I do have filesystem access on this box, but I need to gear this toward multiple servers that I
will not have that sort of access to. Thus the spidering.



> spider.config:
>            @servers = (
>                {
>                    base_url    => ˙http://localhost/this/%ff,
>                    email       => ˙me@myself.com˙,
>                },
>                {
>                    base_url    => ˙http://localhost/that/%ff,
>                    email       => ˙me@myself.com˙,
>                },
>            );
> 

I wasn't aware that PERL code can go right into the config file. I'll have to remember this.
That is, if I'm reading the above lines correctly.

> There is an example spider config SwishSpiderConfig.pl in the prog-bin
> directory.  It has perldoc documentation and many comments.

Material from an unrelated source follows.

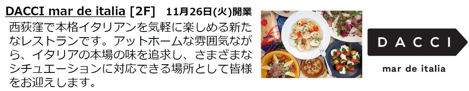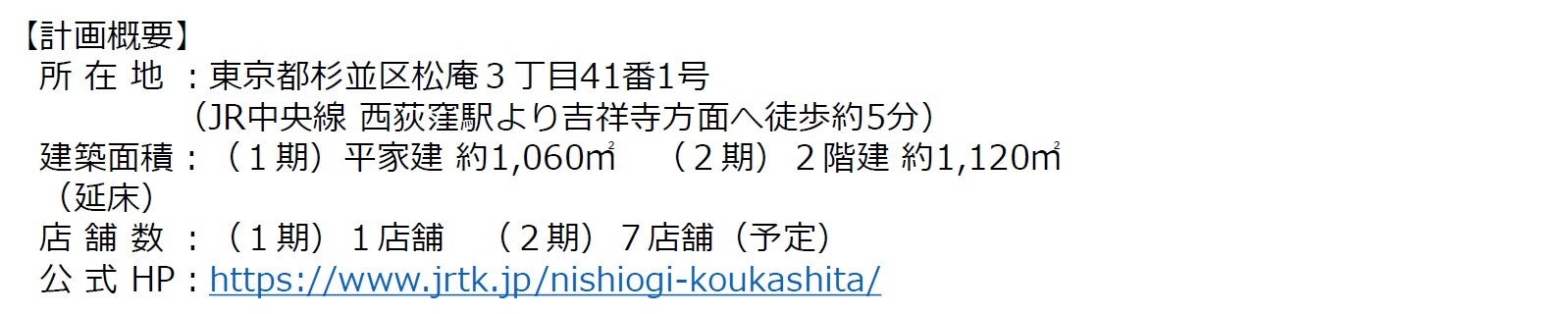 株式会社ジェイアール東日本都市開発は、JR中央線 西荻窪駅~吉祥寺駅間で進行中の西荻窪高架下開発について、2024年11月26日より2期区画をオープンいたします。高架下の立地を活かし、既存の施設に加えて新たに食の楽しみを感じられる施設をご用意し、地域の方々にとって“まちの一部”と感じていただける場所づくりを引き続き進めてまいります。

As a matter of fact, I have the modified version of the 'full URL list' of SwishSpiderConfig.pl
being used when I spider the three servers the company I work for has sites on. The problem I'm
having I'll outline in a bit more detail below.

> What version of SWISH-E?  SWISH-E's current search.cgi doesn't use
> open() on Windows.  I don't recall when Bill fixed that but I think it's
> been quite a while.

I'm using version 2.2.3 at present. Like I said, I'm relatively new; however, I
did check to make sure the latest version. 8^}

>  David Norris
>   http://www.webaugur.com/dave/
>   ICQ - 412039

Ok, let's see if I can be a bit more descriptive in my dilemma:

1.) The spider seems to work well as configured, as far as indexing the pages it's told to
  look at. I can find all the expected references to whatever keywords I enter, without any trouble.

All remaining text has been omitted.